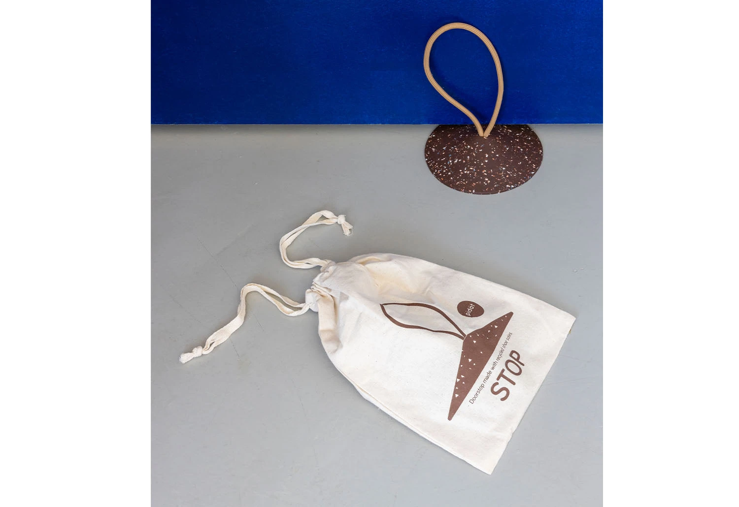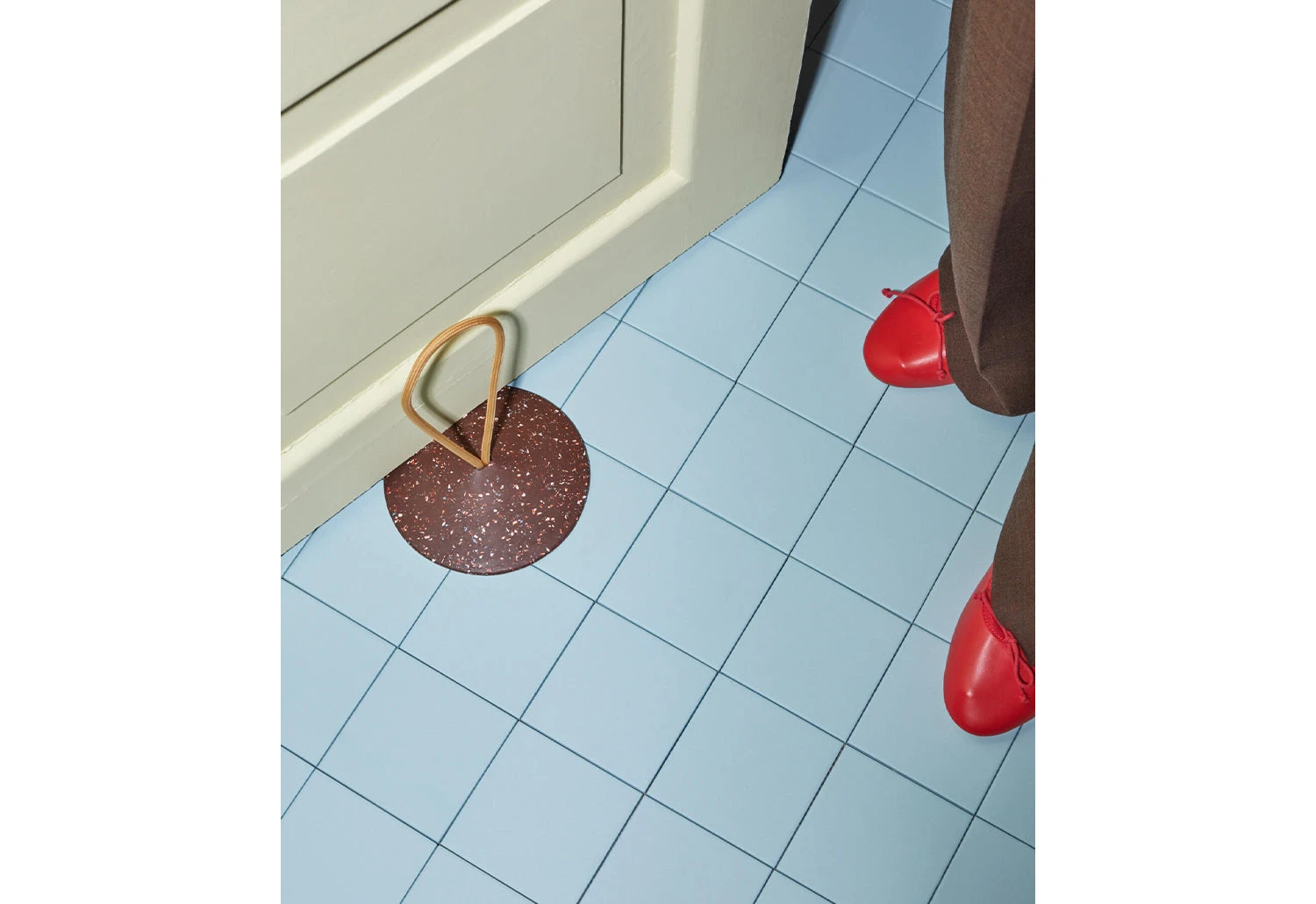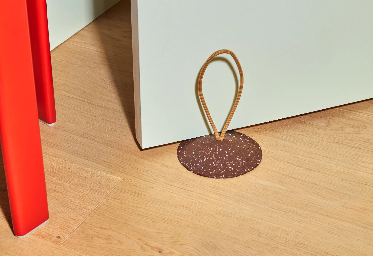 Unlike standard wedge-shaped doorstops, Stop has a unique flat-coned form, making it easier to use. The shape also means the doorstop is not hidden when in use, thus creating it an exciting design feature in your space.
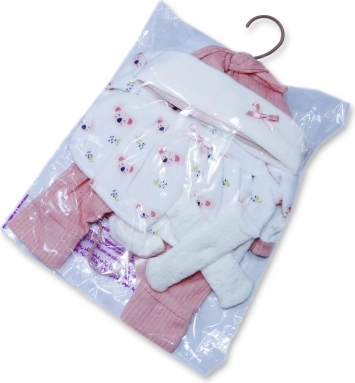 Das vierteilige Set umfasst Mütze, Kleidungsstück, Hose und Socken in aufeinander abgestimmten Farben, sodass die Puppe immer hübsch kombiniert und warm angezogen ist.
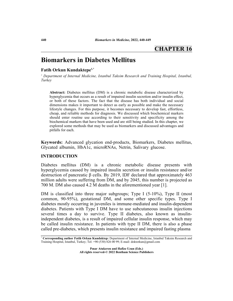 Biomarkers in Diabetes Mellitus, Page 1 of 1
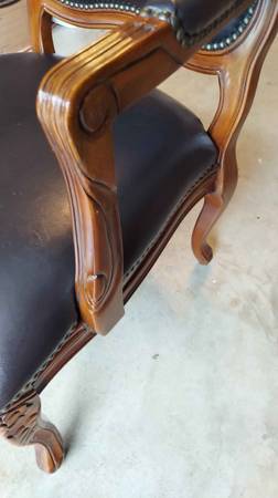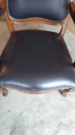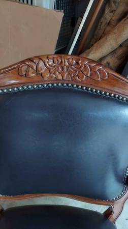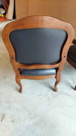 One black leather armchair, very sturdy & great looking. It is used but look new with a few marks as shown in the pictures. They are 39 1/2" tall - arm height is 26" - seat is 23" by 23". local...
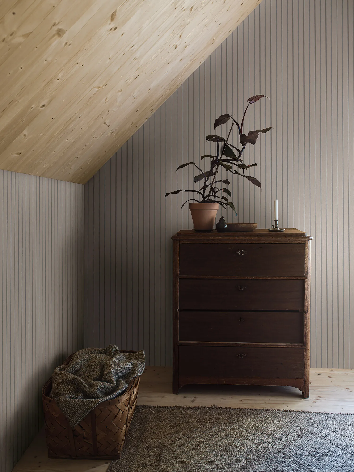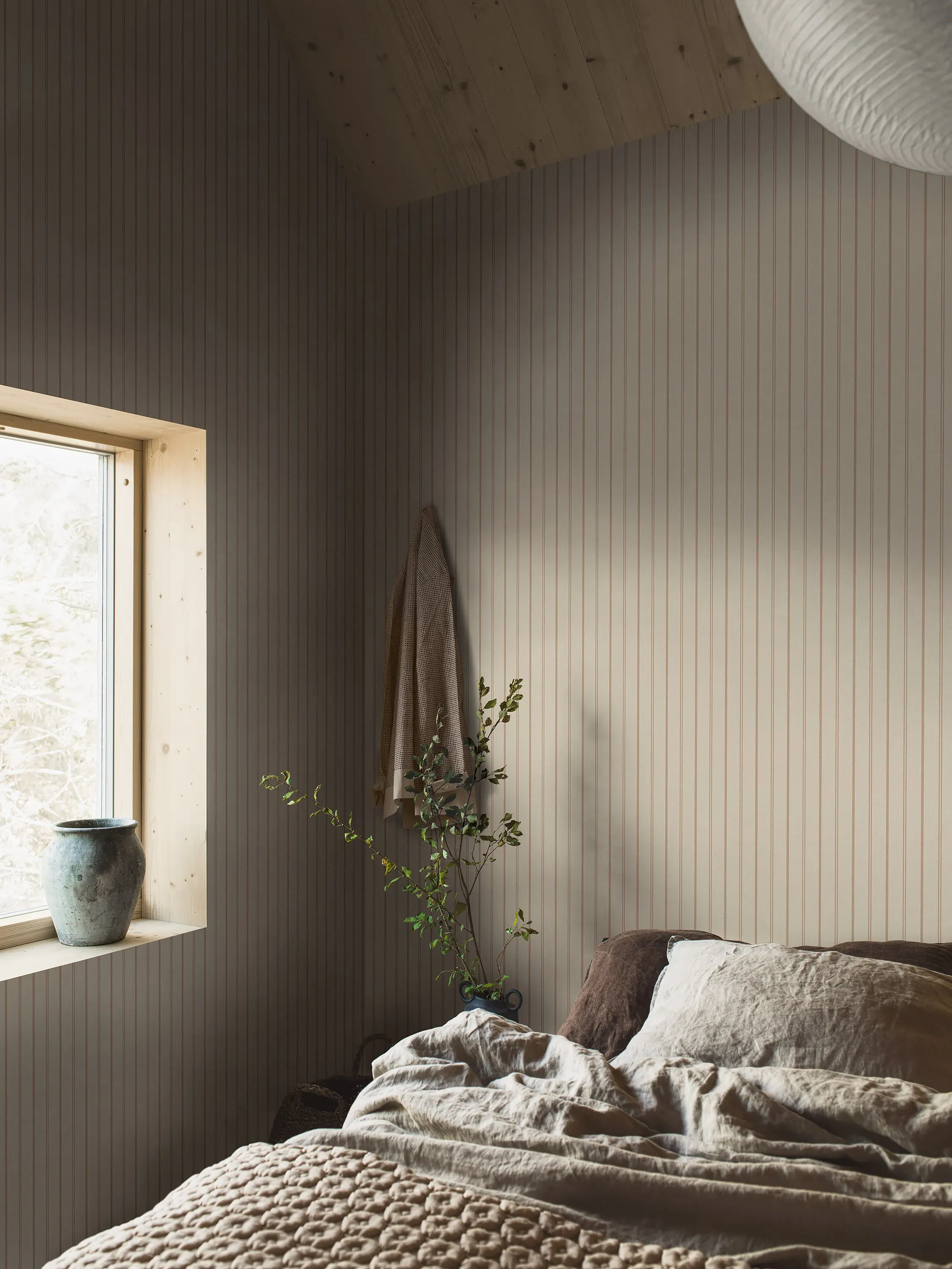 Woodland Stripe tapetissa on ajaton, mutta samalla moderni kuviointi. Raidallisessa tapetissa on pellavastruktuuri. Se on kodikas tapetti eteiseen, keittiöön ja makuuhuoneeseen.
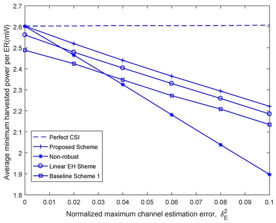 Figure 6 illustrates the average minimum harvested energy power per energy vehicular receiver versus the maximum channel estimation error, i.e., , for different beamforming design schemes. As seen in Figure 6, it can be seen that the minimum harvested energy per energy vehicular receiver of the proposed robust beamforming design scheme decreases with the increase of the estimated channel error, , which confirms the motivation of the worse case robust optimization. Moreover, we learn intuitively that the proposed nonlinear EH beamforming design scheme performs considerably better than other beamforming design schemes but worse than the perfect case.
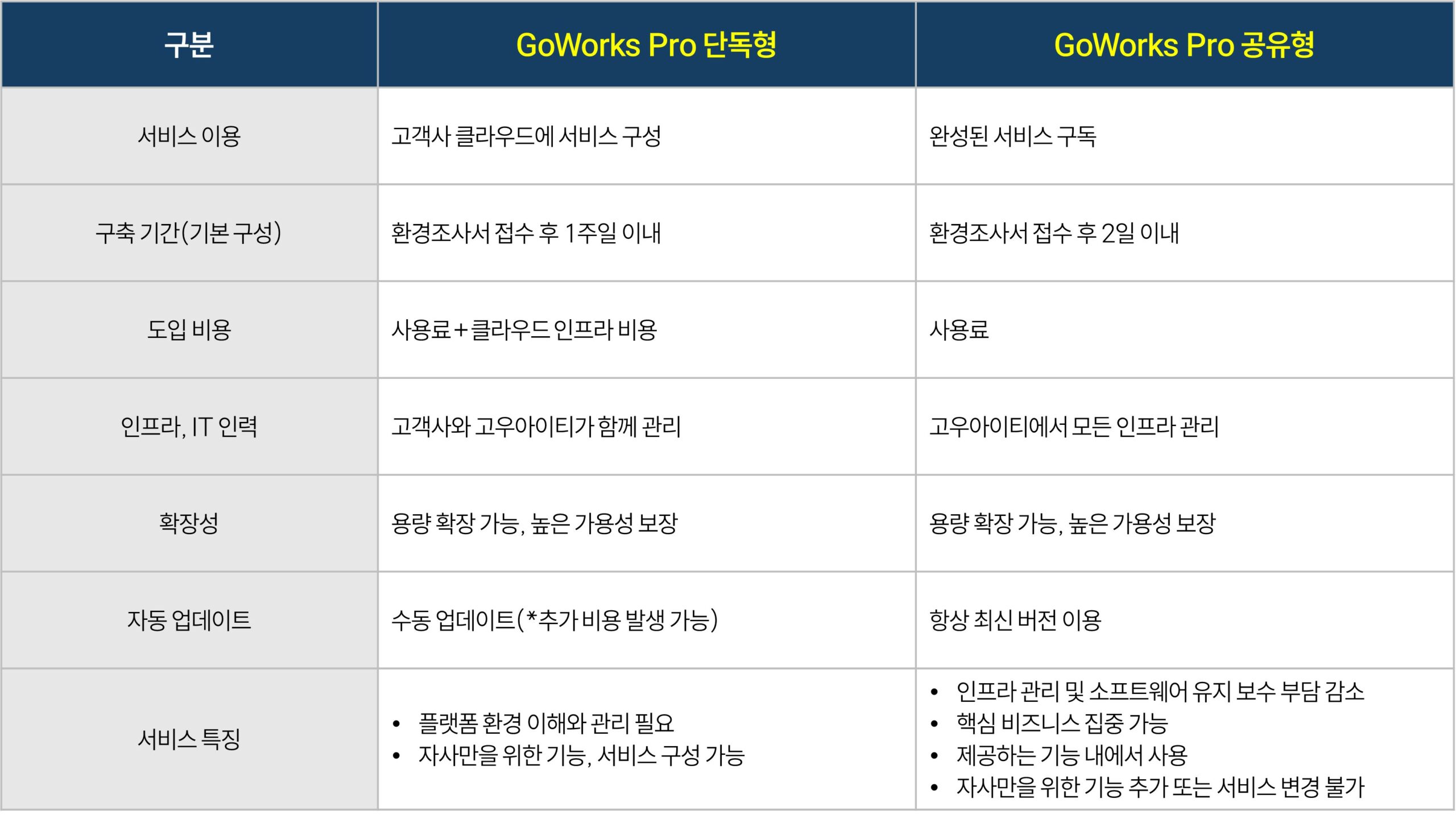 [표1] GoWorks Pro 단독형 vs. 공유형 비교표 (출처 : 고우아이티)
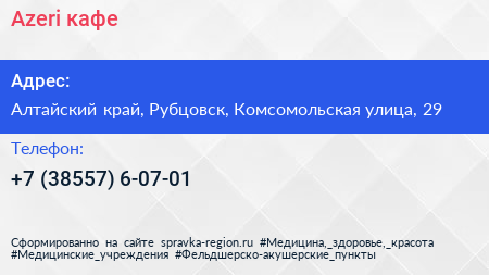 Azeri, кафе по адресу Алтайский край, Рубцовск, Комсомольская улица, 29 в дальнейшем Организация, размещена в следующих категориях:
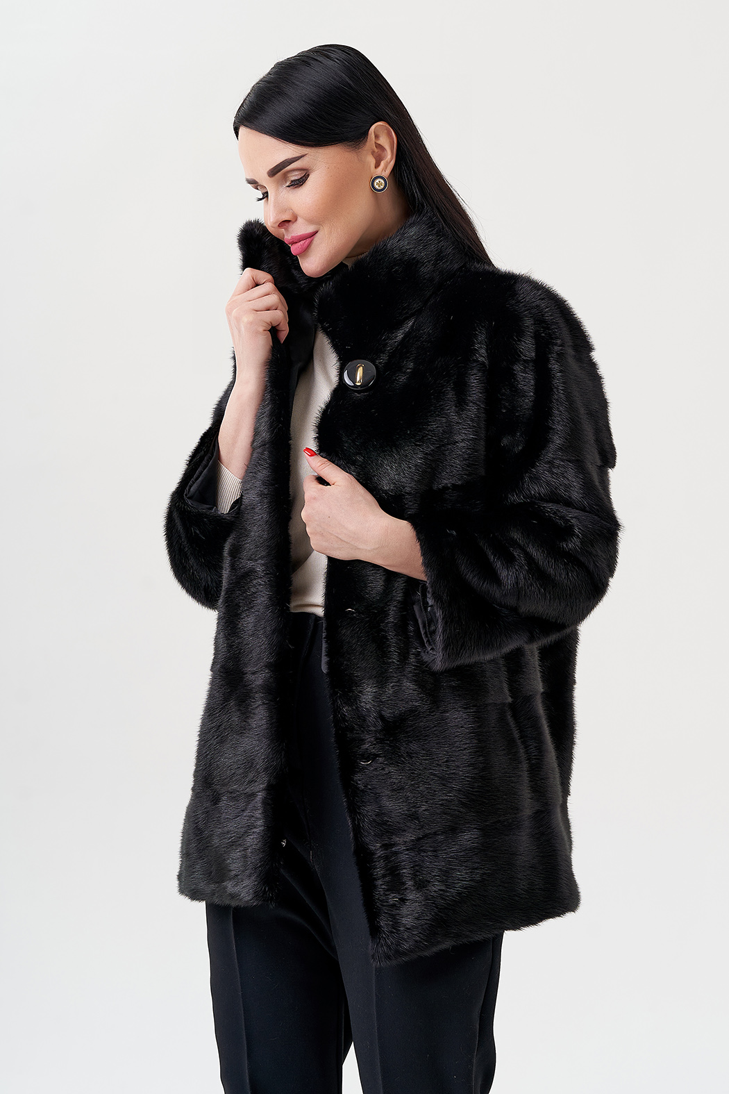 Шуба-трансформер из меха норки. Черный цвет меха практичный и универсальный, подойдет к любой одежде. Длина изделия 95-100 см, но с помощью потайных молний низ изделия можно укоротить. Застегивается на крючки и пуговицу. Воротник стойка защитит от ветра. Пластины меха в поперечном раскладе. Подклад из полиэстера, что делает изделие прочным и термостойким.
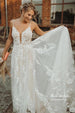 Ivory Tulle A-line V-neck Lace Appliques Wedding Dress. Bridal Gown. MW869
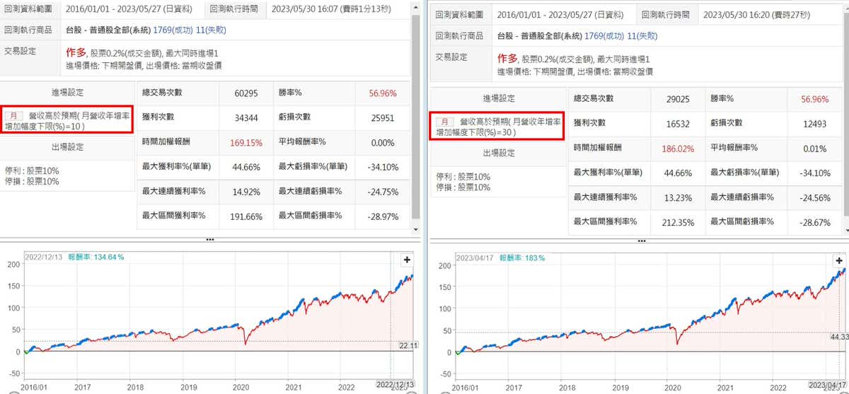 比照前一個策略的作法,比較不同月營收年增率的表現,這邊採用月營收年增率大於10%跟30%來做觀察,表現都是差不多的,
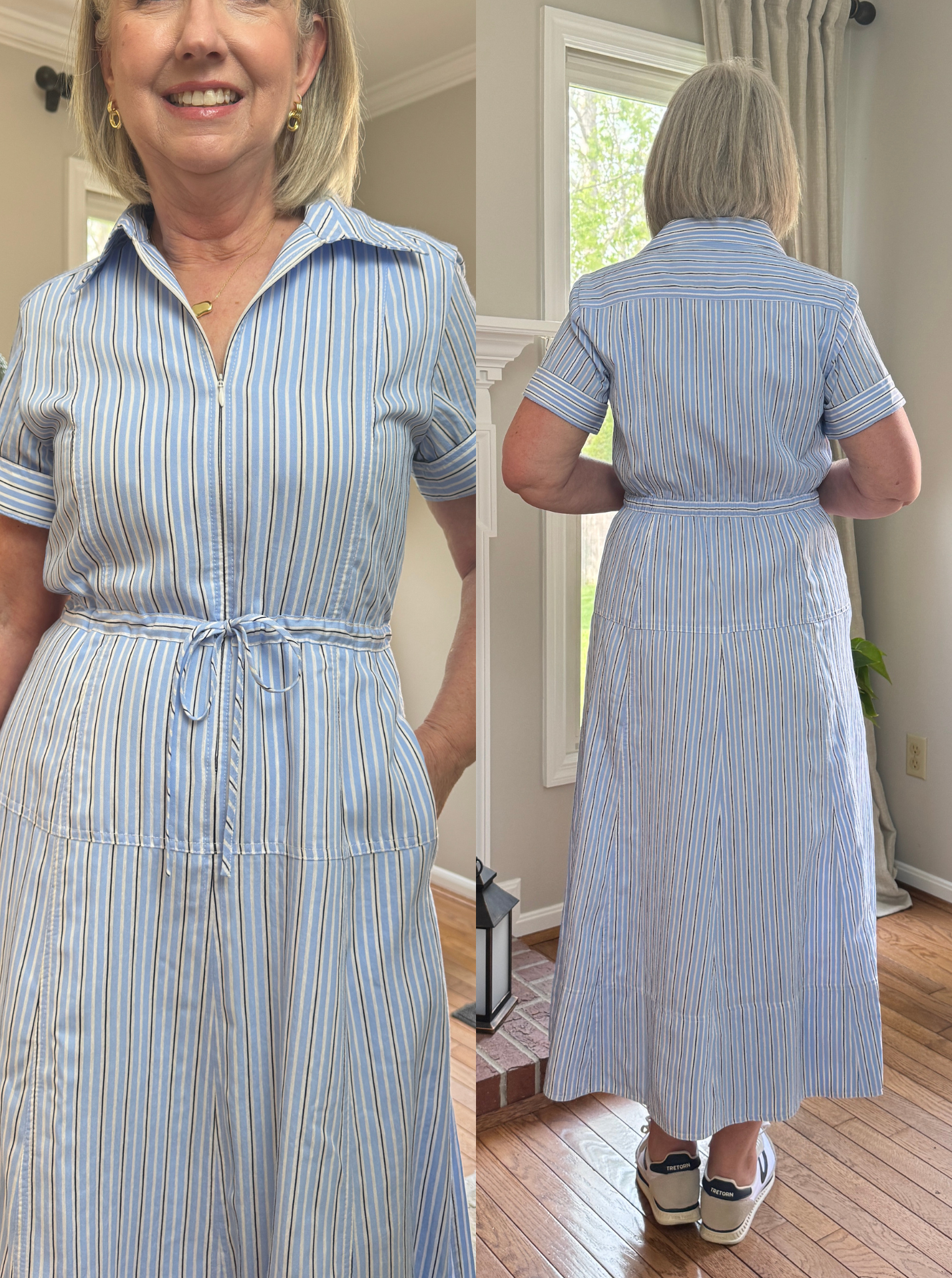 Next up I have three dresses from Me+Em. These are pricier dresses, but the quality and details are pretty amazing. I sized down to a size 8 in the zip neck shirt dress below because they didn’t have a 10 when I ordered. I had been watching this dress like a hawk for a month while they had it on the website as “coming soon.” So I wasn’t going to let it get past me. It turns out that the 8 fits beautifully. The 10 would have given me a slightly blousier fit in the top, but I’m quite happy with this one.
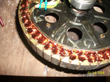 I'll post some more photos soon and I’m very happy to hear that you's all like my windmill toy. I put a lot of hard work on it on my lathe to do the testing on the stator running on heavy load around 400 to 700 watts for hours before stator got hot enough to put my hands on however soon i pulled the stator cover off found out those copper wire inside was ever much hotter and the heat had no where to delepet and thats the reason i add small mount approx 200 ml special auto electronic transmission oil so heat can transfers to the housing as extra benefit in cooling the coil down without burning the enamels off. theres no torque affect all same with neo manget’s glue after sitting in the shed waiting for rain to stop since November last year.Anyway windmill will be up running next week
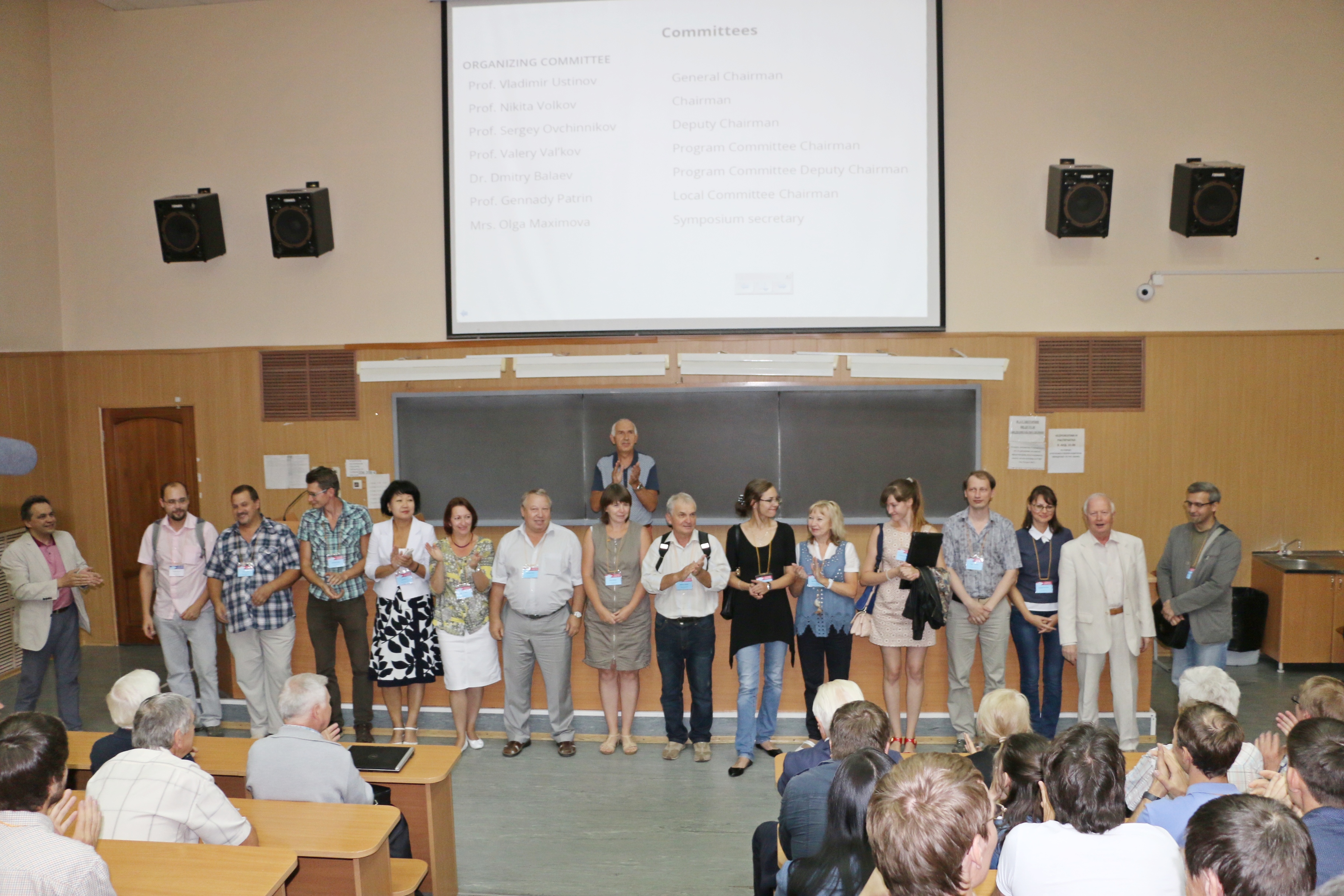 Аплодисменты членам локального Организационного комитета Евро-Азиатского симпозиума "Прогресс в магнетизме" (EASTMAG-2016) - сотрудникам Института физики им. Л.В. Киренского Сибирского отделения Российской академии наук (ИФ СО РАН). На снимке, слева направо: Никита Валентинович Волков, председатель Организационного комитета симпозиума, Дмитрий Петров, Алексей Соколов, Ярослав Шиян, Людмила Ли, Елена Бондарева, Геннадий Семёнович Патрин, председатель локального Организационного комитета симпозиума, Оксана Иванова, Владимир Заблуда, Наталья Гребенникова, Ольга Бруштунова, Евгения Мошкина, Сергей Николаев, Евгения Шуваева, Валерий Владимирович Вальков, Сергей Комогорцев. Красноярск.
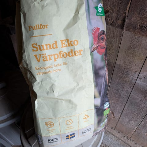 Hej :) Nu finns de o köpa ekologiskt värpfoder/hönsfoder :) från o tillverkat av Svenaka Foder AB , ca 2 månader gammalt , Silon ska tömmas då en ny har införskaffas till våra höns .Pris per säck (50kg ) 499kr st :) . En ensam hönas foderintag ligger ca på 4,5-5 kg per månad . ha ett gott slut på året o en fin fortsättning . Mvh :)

----------------------------------------

**WORK INSTRUCTION**
Both the line above containing "Ivory Tulle A-line" and the line containing "比照前一個策略的作法,比較不" belong in the copy, along with every line between them; print these exactly and omit the pictures.

**YOUR SOLUTION**
 Ivory Tulle A-line V-neck Lace Appliques Wedding Dress. Bridal Gown. MW869
 比照前一個策略的作法,比較不同月營收年增率的表現,這邊採用月營收年增率大於10%跟30%來做觀察,表現都是差不多的,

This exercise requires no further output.